WORK INSTRUCTIONS
An exact copy of every entry is the answer here, with no pictures.

Collected data
┏━━

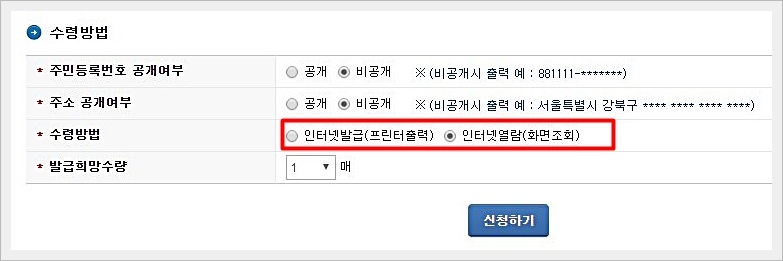 세 번째로 주민등록번호 공개 여부 체크 및 인터넷 발급 여부에 대해서 선택하면 됩니다. 금융기관의 경우 사용처에 따라서 주민번호가 모두 필요할 수 있기 때문에 꼭 사용처에서 원하는 서류 양식으로 발급받는 것이 중요합니다.
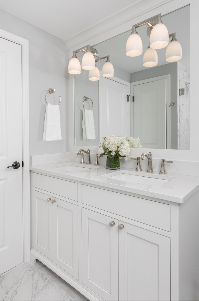 “Our preference is always to go with sconces on either side of the mirror if space permits within the bathroom. It is an ideal lighting situation as it cancels all your shadows when combined with overhead lighting.”
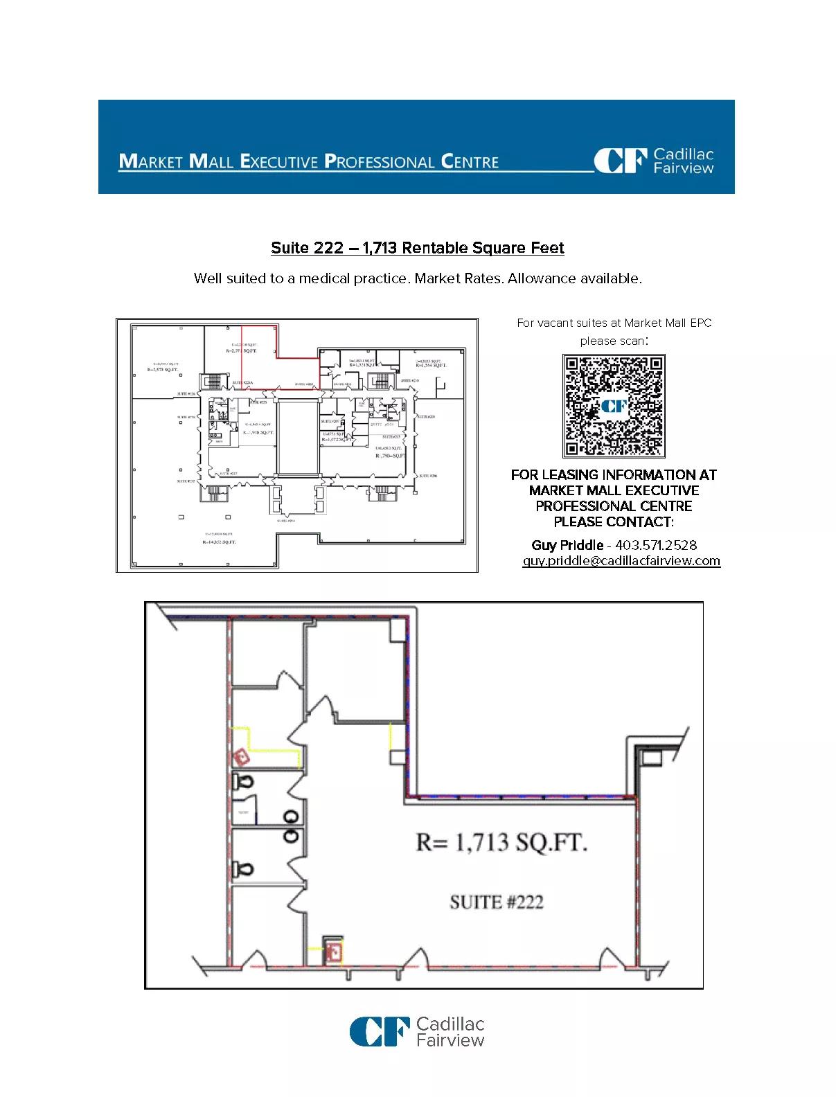 | Market Mall Executive Professional Centre | 222 | 1,713 | Immediately | Space for immediate fixturing | |||||
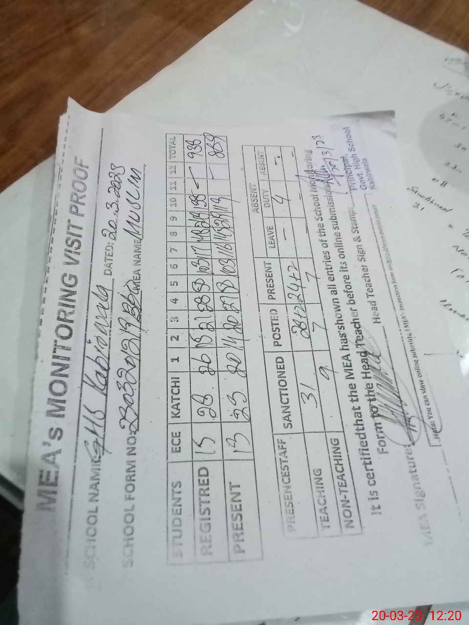 | Attendance Register | Head Teacher | MEA with School | Visit Proof |
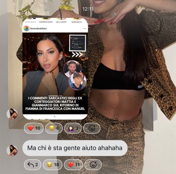 Il post è stato repostato su Instagram da varie pagine e riportando dalla stessa Francesca nel suo canale broadcast, in cui ha risposto piccata ai commenti degli ex corteggiatori: “ma chi è sta gente aiuto ahahahah”, ha scritto rivolta ai suoi followers più stretti.
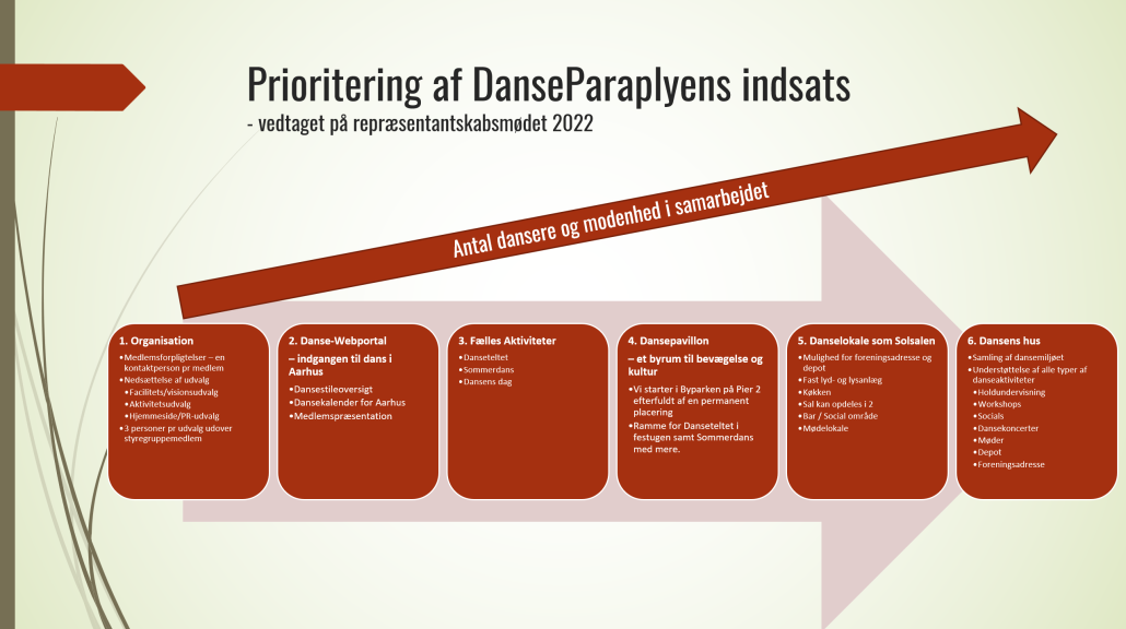 Vi vil arbejde for at udvikle en danse-webportal for Aarhus med en arrangementskalender samt en introduktion til alle dansestile, og ikke mindst musikken og kulturen bag. Vi vil også arbejde for at få oprettet en permanent dansepavillon centralt i Aarhus til afholdelse af fx Sommerdans og ikke mindst et “Dansens hus Aarhus” med henblik på at skabe et stærkt, bredt favnende og mangfoldigt dansemiljø, som kan sætte Aarhus på Danmarks/verdenskortet som Dansens by.
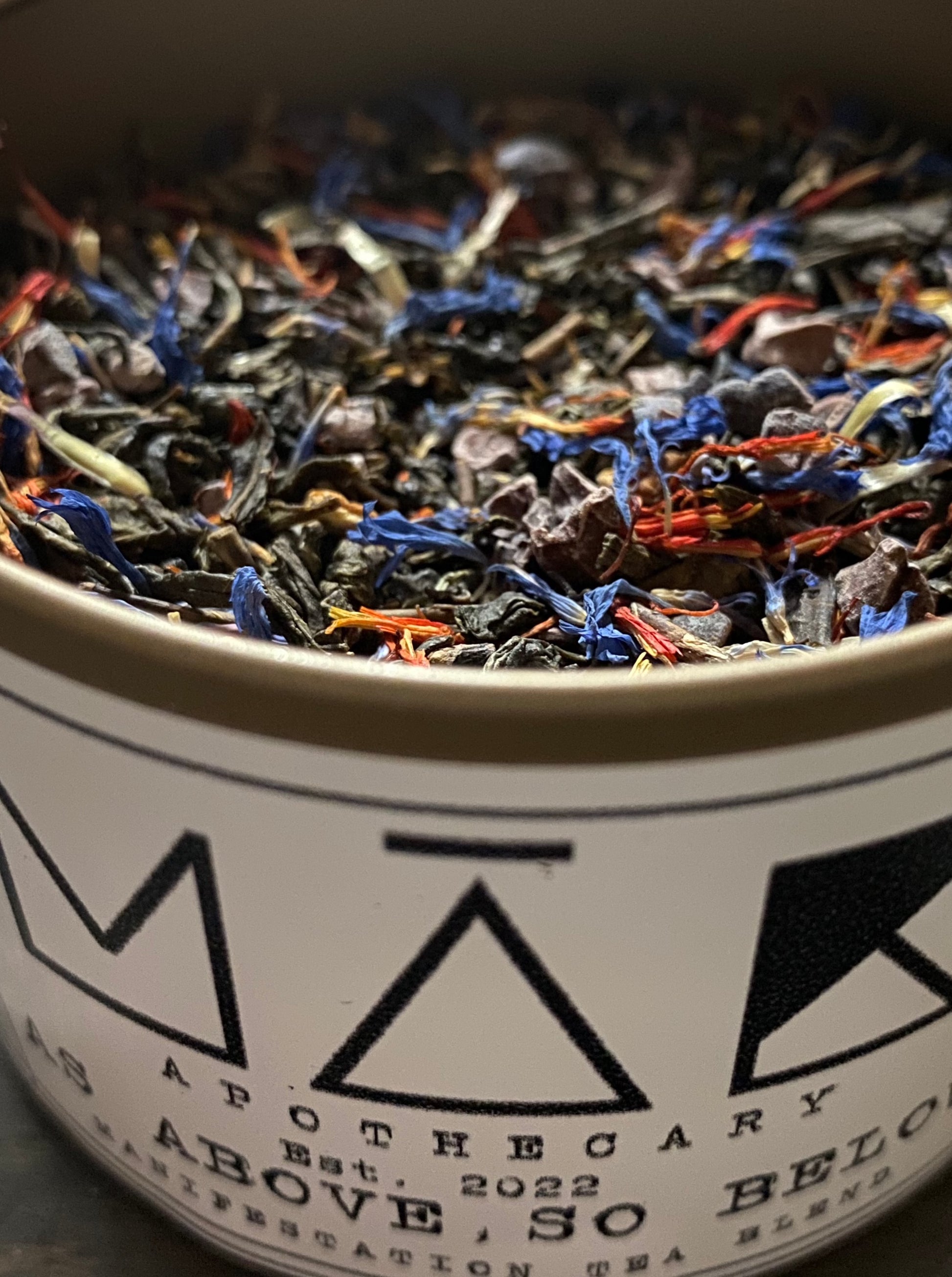 INGREDIENTS: jasmine green tea, joy, blue cornflowers, love, safflowers, cacao citrus peel, divinity, peace of mind, a restored mind, body & soul
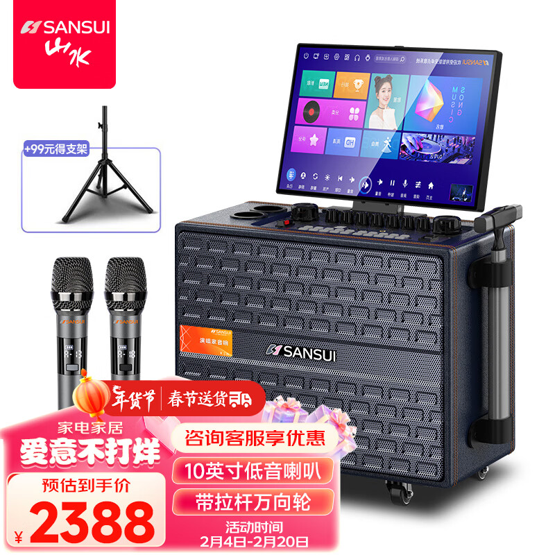 山水(SANSUI)Q105 家庭ktv音响套装 广场舞户外便携家用卡拉ok点歌机一体机视频机 移动K歌蓝牙音箱低音炮价格:2347.00元!
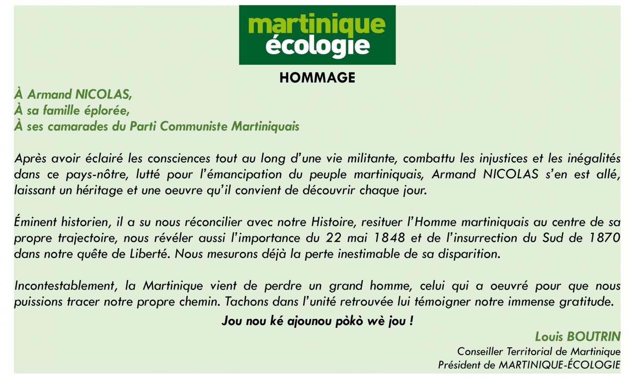 MARTINIQUE-ÉCOLOGIE REND HOMMAGE À ARMAND NICOLAS

┗━━

ANSWER TO THIS EXERCISE
 세 번째로 주민등록번호 공개 여부 체크 및 인터넷 발급 여부에 대해서 선택하면 됩니다. 금융기관의 경우 사용처에 따라서 주민번호가 모두 필요할 수 있기 때문에 꼭 사용처에서 원하는 서류 양식으로 발급받는 것이 중요합니다.
 “Our preference is always to go with sconces on either side of the mirror if space permits within the bathroom. It is an ideal lighting situation as it cancels all your shadows when combined with overhead lighting.”
 | Market Mall Executive Professional Centre | 222 | 1,713 | Immediately | Space for immediate fixturing | |||||
 | Attendance Register | Head Teacher | MEA with School | Visit Proof |
 Il post è stato repostato su Instagram da varie pagine e riportando dalla stessa Francesca nel suo canale broadcast, in cui ha risposto piccata ai commenti degli ex corteggiatori: “ma chi è sta gente aiuto ahahahah”, ha scritto rivolta ai suoi followers più stretti.
 Vi vil arbejde for at udvikle en danse-webportal for Aarhus med en arrangementskalender samt en introduktion til alle dansestile, og ikke mindst musikken og kulturen bag. Vi vil også arbejde for at få oprettet en permanent dansepavillon centralt i Aarhus til afholdelse af fx Sommerdans og ikke mindst et “Dansens hus Aarhus” med henblik på at skabe et stærkt, bredt favnende og mangfoldigt dansemiljø, som kan sætte Aarhus på Danmarks/verdenskortet som Dansens by.
 INGREDIENTS: jasmine green tea, joy, blue cornflowers, love, safflowers, cacao citrus peel, divinity, peace of mind, a restored mind, body & soul
 山水(SANSUI)Q105 家庭ktv音响套装 广场舞户外便携家用卡拉ok点歌机一体机视频机 移动K歌蓝牙音箱低音炮价格:2347.00元!
 MARTINIQUE-ÉCOLOGIE REND HOMMAGE À ARMAND NICOLAS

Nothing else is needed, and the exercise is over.